Instances should not have IP forwarding enabled

Property
Languageterraform
Severityhigh
Servicecompute
ProviderGoogle
Vulnerability Typemisconfiguration

Description

Enabling IP forwarding on Google Compute instances allows the VM to send and receive network packets that are not specifically addressed to or from its own IP address, which bypasses standard network isolation controls.

Impact

If exploited, attackers could use the instance to route or proxy unauthorized network traffic, potentially enabling lateral movement within the network, data exfiltration, or the compromise of other internal resources.

Instances should not have public IP addresses

Property
Languageterraform
Severityhigh
ProviderGoogle
Vulnerability Typemisconfiguration

Description

The configuration assigns a public IP address to a Google Compute instance, making it directly accessible from the internet. This exposes the instance to unsolicited network traffic and potential external attacks.

Impact

If exploited, attackers can directly connect to the exposed instance, increasing the risk of unauthorized access, data breaches, and service disruption.

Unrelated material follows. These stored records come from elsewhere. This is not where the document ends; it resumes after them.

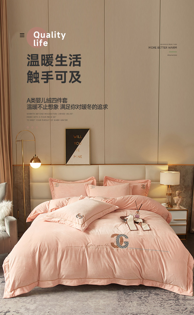 当前位置: 91家纺网 > 商品网购 > 床品套件 > 四件套 > 其它四件套 > 库里梦家纺 2024新款A类宽边婴儿绒刺绣四件套-凯瑟琳 凯瑟琳-桃粉
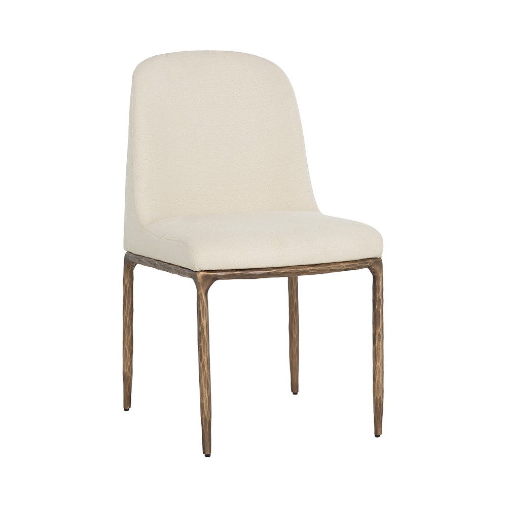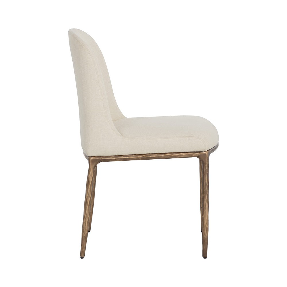 SR-112801 Contemporary Dining Chair in Rust Fabric Seat and Back with Hammered Antique Brass Steel Frame
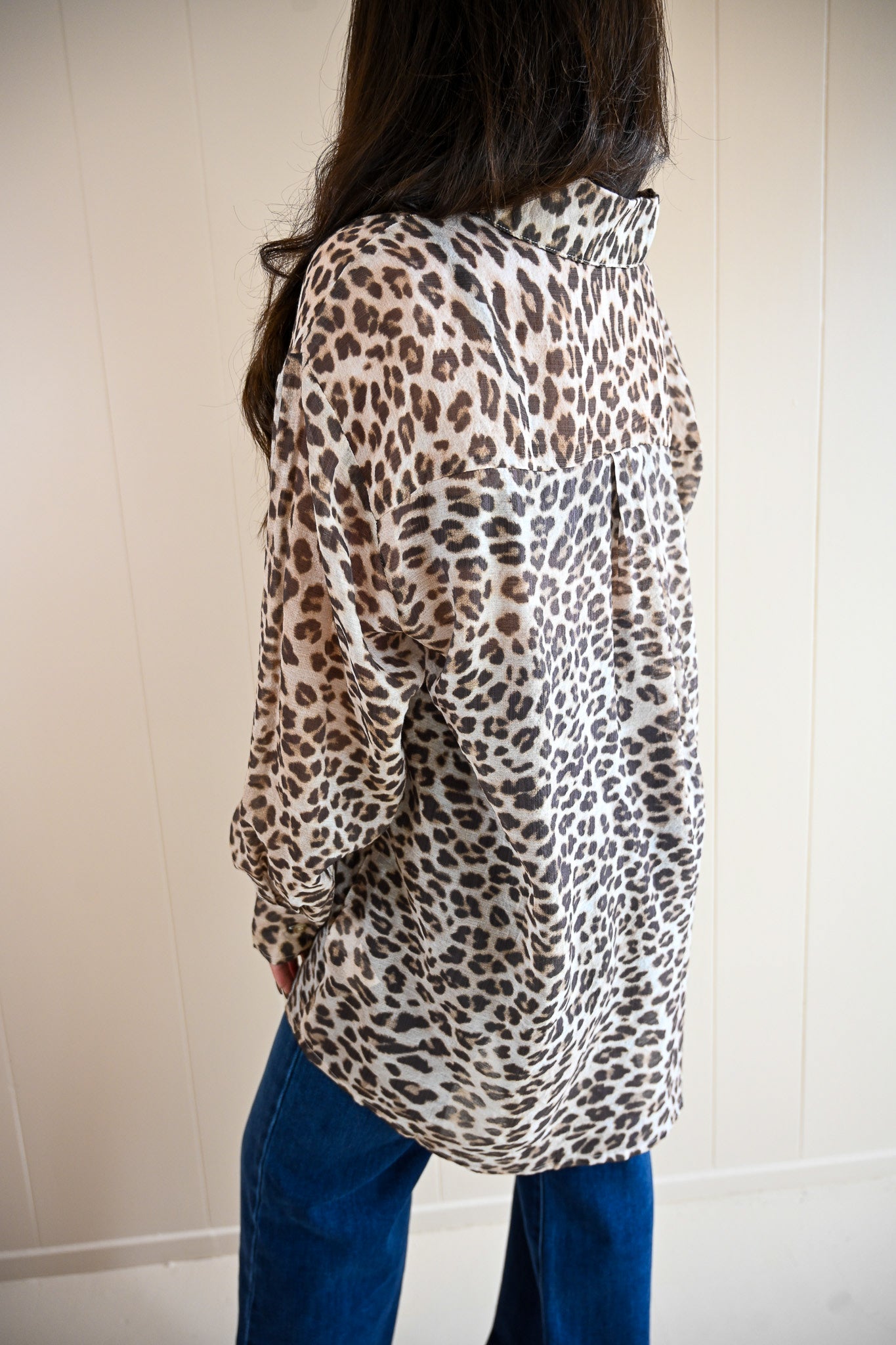 This 100% cotton leopard-print button-up tunic has a slightly sheer finish and an intentionally oversized fit, making it perfect as a layering piece. Wear it open like a lightweight jacket, belt it, toss it over a dress, or layer it under a sweater with leggings—it’s the kind of statement shirt that works every way you style it. The outfit possibilities are endless with this one. This style runs very oversized.
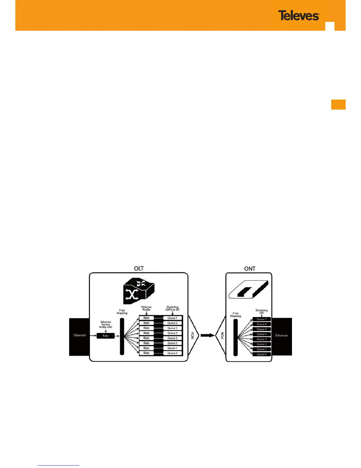 the trac ows to the GPON interface and when it arrives to the ONT it will pass by a mapping block which will map the trac in one of the eight
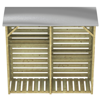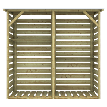 De berging is uitgerust met twee planken die je flexibel kunt monteren aan één of beide zijden van het tussenschot, afhankelijk van je opbergruimtebehoefte. Het platte dak met zinken dakbedekking zorgt ervoor dat het hout altijd droog blijft, zelfs bij regen. Daarnaast zorgt de vloer ervoor dat het hout van de grond ligt, wat bijdraagt aan betere ventilatie en voorkomt dat het hout vochtig wordt.
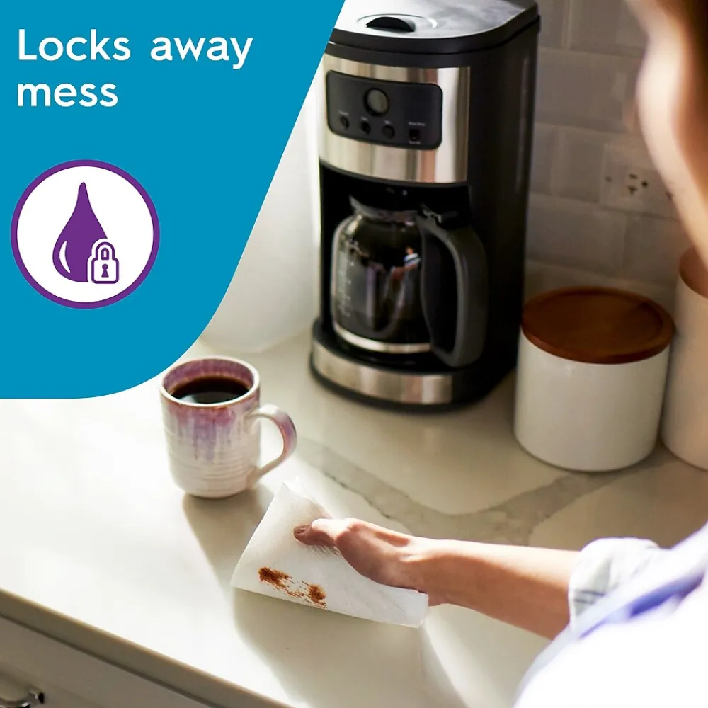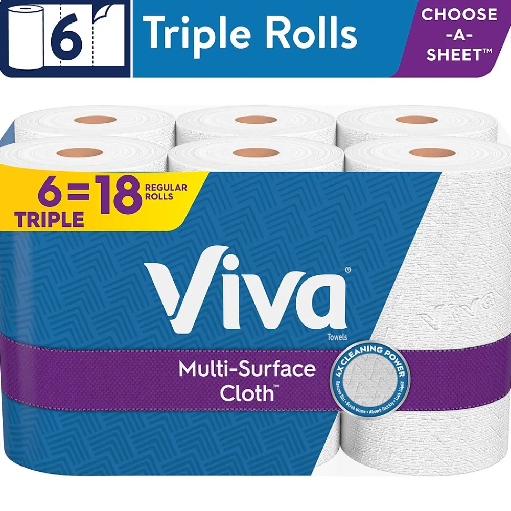 Viva Choose-A-Sheet multi-surface cloth paper towels are designed with a unique texture to lift and trap mess on the kitchen countertop, bathroom surfaces, and all the rooms in-between. Two absorbent layers soak up the mess and clean metal, granite, glass, and wood, helping you maintain an exceptionally clean home every day. The pack includes six triple rolls, with 165 sheets per roll and perforations that let you choose the sheet size for your task.

This exposure can be leveraged to compromise sensitive workloads or pivot further into the cloud environment.

Instances should not override the project setting for OS Login

Property
Languageterraform
Severitymedium
Servicecompute
ProviderGoogle
Vulnerability Typemisconfiguration

Description

Instance-level overrides disabling OS Login allow SSH access to persist even after an IAM user’s access is revoked, bypassing centralized access management. This misconfiguration prevents automatic removal of associated SSH keys.

Impact

If exploited, former IAM users may retain unauthorized SSH access to compute instances, increasing the risk of unauthorized activities, data breaches, and non-compliance with access control policies.